The paved roads we use aren’t always perfect. Daily abuse, exposure to the sun, and weather causes ruts, cracks, and potholes. Car manufacturers deal with the challenge posed by such road conditions by equipping vehicles with a suspension system—and shock absorbers are a key part of that suspension system.
And when your shock absorbers go bad, you’re definitely bound to notice. But just in case you don’t know what to look for, we’ll discuss some of the most common signs of faulty or failing shock absorbers.
Bad Shock Absorber Symptoms
Your shock absorbers are subject to abuse, especially over extremely beaten terrain. Although developments have made them better than the options decades ago, shocks can still face wearing and issues.
Here are some common signs of bad shock absorbers:
Worn out shocks can make your car’s springs bounce up and down more than what is considered normal. The result is a rougher-than-usual ride when driving over bumps.
And an extremely uncomfortable car.
Shocks that are loose or have worn mounting bushings can create a clunking or banging noise while going over bumps.
One reason why the fluid depletes from inside your shocks is due to a leak. A hydraulic fluid leak can happen to any shock absorber and should never go ignored.

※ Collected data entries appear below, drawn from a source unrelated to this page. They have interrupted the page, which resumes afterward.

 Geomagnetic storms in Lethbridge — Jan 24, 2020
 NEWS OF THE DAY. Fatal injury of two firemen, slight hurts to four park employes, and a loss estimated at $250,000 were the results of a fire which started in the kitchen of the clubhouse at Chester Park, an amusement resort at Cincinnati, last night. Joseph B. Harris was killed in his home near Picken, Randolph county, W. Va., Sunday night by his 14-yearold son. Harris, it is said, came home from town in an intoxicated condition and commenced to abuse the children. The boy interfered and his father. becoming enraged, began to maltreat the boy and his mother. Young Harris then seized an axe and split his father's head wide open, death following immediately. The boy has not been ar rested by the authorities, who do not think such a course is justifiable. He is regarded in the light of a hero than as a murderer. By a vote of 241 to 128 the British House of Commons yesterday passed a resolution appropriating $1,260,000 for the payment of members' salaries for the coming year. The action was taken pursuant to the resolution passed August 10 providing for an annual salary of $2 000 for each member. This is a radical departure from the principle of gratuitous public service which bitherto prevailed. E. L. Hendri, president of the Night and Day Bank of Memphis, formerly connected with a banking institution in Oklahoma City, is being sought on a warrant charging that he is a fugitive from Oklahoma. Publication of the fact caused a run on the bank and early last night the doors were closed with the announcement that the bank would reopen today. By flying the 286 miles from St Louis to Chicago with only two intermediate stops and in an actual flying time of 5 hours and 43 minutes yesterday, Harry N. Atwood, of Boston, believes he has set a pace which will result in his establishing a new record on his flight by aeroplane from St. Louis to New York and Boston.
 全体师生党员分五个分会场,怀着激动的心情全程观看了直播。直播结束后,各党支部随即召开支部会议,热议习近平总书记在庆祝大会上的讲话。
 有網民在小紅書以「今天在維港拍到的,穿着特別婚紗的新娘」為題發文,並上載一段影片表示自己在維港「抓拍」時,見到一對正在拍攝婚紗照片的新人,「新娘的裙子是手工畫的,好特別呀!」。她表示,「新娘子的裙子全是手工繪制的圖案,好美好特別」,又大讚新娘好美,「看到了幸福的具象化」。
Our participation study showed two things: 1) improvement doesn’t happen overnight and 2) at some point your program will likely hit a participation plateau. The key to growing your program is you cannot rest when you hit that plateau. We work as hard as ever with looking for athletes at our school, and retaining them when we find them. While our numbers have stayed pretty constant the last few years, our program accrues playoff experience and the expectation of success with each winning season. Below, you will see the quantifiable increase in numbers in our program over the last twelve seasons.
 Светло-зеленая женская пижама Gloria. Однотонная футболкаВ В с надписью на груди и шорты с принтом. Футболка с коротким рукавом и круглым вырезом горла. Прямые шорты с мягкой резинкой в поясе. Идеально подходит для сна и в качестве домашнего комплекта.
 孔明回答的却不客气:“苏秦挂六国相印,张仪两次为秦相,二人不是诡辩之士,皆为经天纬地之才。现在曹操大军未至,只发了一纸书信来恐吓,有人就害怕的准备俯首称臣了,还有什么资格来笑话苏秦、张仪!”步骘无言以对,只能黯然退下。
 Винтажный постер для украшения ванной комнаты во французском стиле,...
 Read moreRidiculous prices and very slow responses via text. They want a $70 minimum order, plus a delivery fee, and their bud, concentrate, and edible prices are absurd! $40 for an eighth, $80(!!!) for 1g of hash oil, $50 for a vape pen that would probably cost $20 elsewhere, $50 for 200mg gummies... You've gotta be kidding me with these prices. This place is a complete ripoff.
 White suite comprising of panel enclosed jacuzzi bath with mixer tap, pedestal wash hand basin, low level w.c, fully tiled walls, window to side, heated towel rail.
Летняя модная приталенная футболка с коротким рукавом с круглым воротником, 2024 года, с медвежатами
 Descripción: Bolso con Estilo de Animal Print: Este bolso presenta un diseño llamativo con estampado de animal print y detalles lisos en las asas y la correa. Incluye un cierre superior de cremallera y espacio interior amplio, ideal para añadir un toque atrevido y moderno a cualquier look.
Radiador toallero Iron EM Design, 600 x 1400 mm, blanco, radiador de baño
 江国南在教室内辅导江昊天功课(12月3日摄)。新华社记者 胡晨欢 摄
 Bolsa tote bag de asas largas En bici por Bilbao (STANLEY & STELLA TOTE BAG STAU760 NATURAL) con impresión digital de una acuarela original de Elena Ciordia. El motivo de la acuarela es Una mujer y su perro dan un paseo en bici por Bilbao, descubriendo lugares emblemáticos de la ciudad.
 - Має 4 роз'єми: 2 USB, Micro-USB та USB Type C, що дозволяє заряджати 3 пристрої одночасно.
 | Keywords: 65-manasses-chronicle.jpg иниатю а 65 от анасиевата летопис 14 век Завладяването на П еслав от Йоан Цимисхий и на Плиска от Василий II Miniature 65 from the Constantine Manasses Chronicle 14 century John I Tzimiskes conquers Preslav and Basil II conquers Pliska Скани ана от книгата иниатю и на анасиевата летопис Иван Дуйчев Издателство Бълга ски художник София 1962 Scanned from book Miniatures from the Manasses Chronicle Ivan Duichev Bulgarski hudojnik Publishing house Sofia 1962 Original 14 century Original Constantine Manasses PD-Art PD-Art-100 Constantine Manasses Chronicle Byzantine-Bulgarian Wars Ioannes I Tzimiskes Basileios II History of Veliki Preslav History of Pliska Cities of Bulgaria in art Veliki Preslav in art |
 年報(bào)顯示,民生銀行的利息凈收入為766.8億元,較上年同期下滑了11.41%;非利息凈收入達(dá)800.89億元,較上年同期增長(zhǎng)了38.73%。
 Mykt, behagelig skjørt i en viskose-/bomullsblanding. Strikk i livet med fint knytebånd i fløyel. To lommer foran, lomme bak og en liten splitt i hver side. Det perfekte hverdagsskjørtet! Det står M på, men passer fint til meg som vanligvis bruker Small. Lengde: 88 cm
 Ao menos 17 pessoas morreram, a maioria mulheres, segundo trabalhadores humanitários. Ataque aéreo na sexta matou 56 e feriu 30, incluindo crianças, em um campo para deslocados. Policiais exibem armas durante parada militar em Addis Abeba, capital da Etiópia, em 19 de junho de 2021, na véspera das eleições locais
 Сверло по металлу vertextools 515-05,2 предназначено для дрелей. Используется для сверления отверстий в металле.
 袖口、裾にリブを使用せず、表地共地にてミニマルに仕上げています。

Fluid can easily be seen running down the sides of the shock absorber’s shell casing.
Irregular tire wear
You might be wondering what bad shocks have to do with your tires. Your car has shocks to control your wheels from bouncing due to the springs’ reaction from bumps. Faulty dampers cause the tire to bounce off of the ground harder.
As a result, the tire often develops high and low spots in the tread, known as cupping.
Reduced handling and braking ability
Bad shocks may cause your car to tip more to one side or the other when turning. Plus, the front of the vehicle may dip down in the front or rear. Any of these scenarios can negatively affect your car’s handling and braking characteristics.
What is a Shock Absorber?
Springs alone can’t handle bumps and potholes because they’ll compress and expand uncontrollably due to the laws of physics. They need to be accompanied by a device that serves as the stopping or slowing force to control the movement of the springs.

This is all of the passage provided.